» **Activity**:
Restate word for word the section of the entries that opens at the line containing "Женская футболка Monari" and closes at the line containing "I’m surprised I", both lines kept, pictures dropped.

» **Supplied records**:
┄┄┄┄┄┄

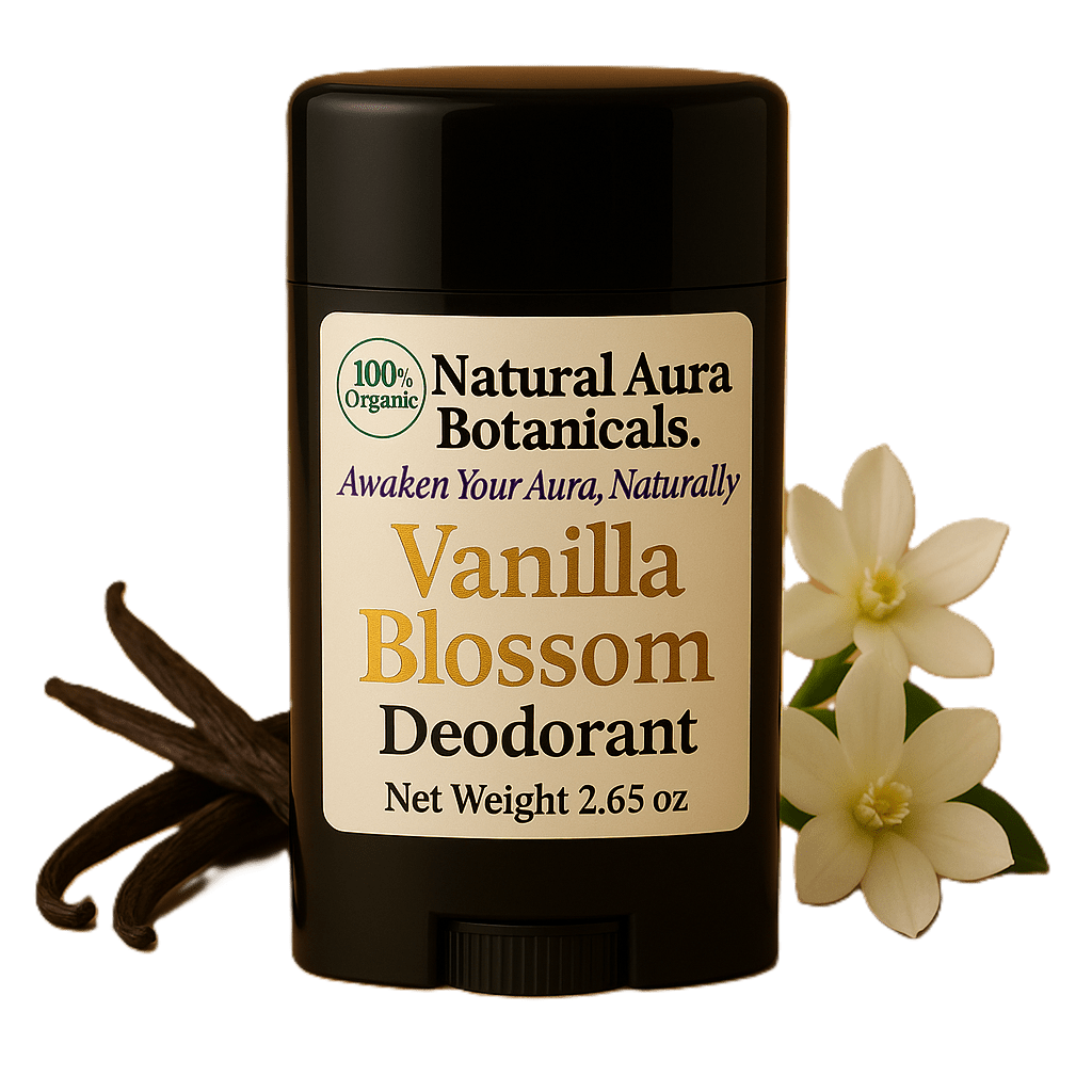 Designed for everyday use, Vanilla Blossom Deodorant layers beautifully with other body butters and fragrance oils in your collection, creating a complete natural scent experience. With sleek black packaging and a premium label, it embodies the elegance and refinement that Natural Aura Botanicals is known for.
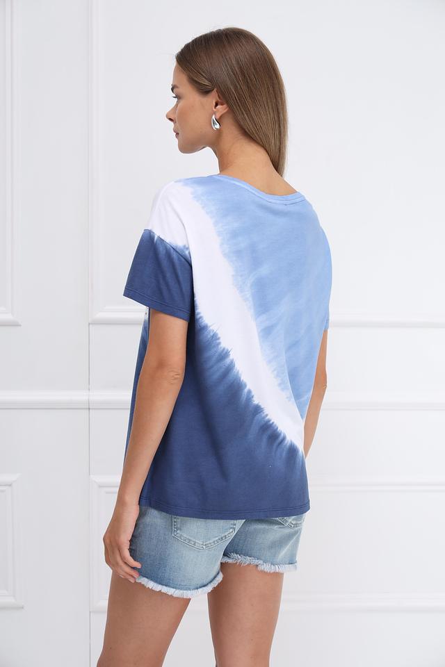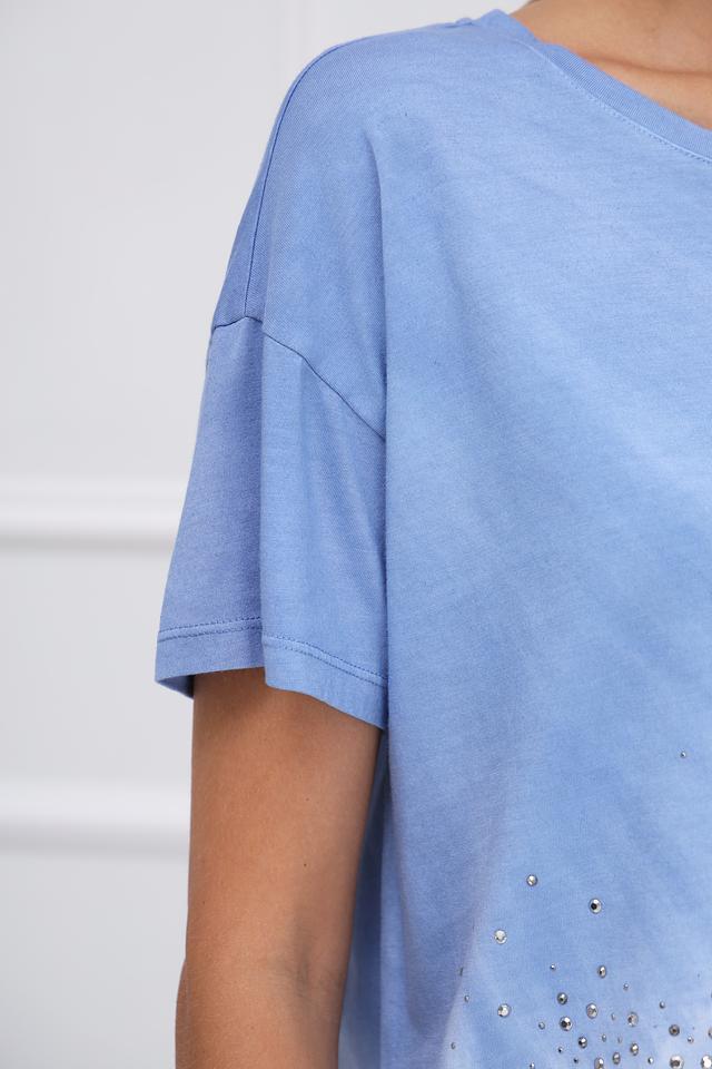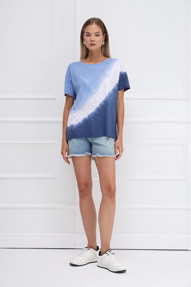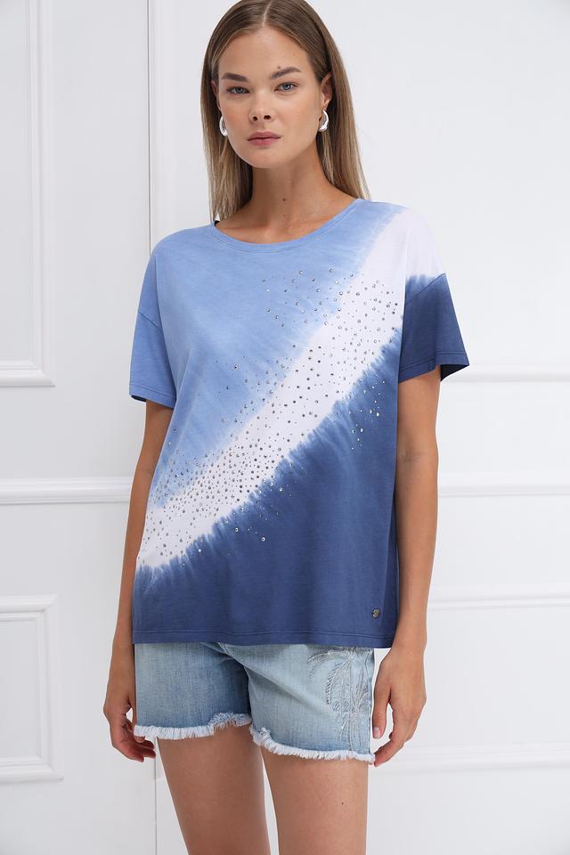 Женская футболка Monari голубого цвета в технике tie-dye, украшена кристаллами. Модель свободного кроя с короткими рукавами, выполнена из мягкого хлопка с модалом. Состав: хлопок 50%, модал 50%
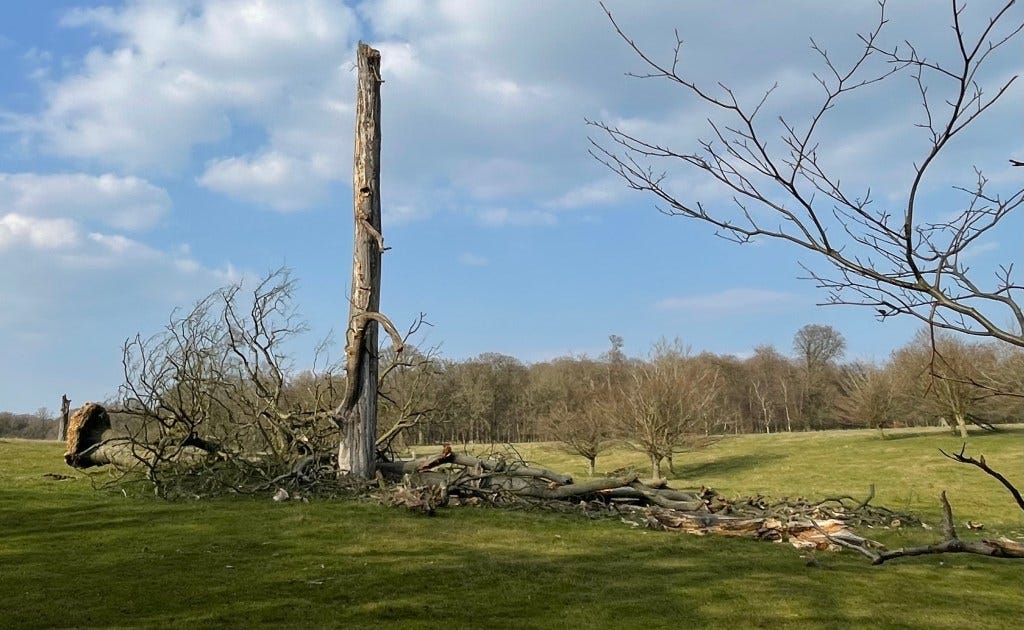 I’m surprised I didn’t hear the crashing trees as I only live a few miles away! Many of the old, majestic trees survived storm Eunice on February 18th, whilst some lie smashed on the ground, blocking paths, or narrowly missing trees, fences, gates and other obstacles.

┄┄┄┄┄┄

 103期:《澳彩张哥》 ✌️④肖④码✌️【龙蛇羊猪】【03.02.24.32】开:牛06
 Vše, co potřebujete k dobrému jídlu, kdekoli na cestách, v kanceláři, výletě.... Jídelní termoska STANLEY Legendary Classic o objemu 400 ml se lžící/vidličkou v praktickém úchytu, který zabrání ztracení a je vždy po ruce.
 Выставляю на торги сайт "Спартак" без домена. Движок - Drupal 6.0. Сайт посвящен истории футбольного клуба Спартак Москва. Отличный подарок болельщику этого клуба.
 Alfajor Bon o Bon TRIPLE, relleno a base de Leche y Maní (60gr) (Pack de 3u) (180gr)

┄┄┄┄┄┄

» **Expected answer**:
 Женская футболка Monari голубого цвета в технике tie-dye, украшена кристаллами. Модель свободного кроя с короткими рукавами, выполнена из мягкого хлопка с модалом. Состав: хлопок 50%, модал 50%
 I’m surprised I didn’t hear the crashing trees as I only live a few miles away! Many of the old, majestic trees survived storm Eunice on February 18th, whilst some lie smashed on the ground, blocking paths, or narrowly missing trees, fences, gates and other obstacles.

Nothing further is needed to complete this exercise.